Soviet and Russian literary critic (1929–2021)

Yassen Nikolayevich Zassoursky (also Yasen Nikolayevich Zasursky; Я́сен Никола́евич Засу́рский; October 29, 1929 – August 1, 2021) was a Soviet and Russian literary scholar, media theorist, journalist, and educator. He held the degree of Doctor of Philological Sciences (1967) and the academic title of professor (1968). From 1965 to 2007, he served as dean of the Faculty of Journalism at Lomonosov Moscow State University, and from 2007 to 2021 as president of the Faculty of Journalism.

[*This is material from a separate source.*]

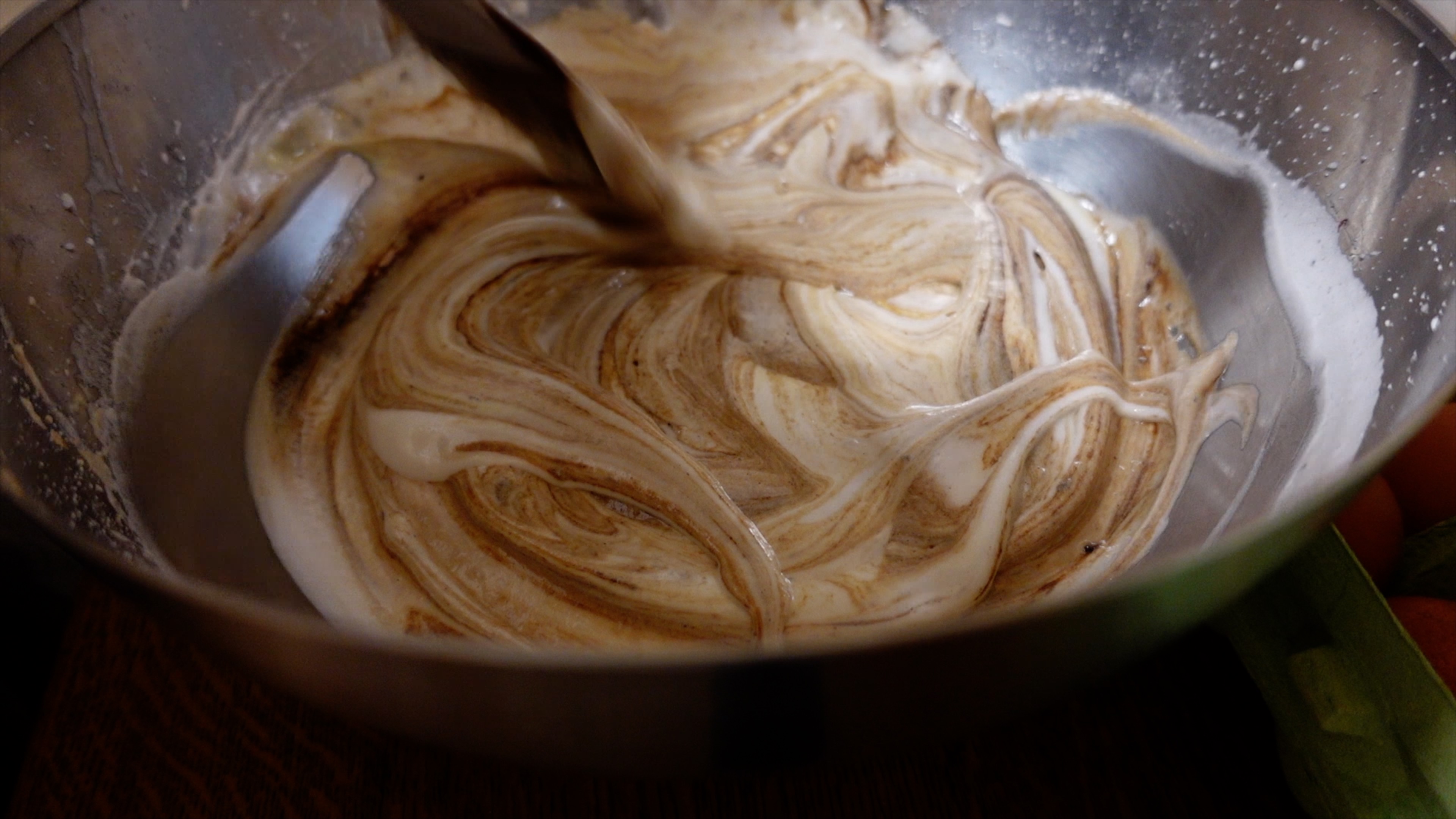 이제 휘핑된 흰자, 머랭 위에 녹인 초콜릿 + 버터, 그리고 풀어준 노른자를 넣은 후, 주걱으로 아래서 부터 부드럽게 섞어줍니다.

Zassoursky was one of the most influential figures in Russian journalism education and media studies. For several decades, he was deeply involved in international academic cooperation and maintained close professional ties with UNESCO, participating in expert commissions on communication, media systems, and global information flows, representing Russia in international research associations, IAMCR and many others. Through this work, he became part of a broad international intellectual network and played an important role in integrating Soviet and later Russian journalism studies into global scholarly discourse.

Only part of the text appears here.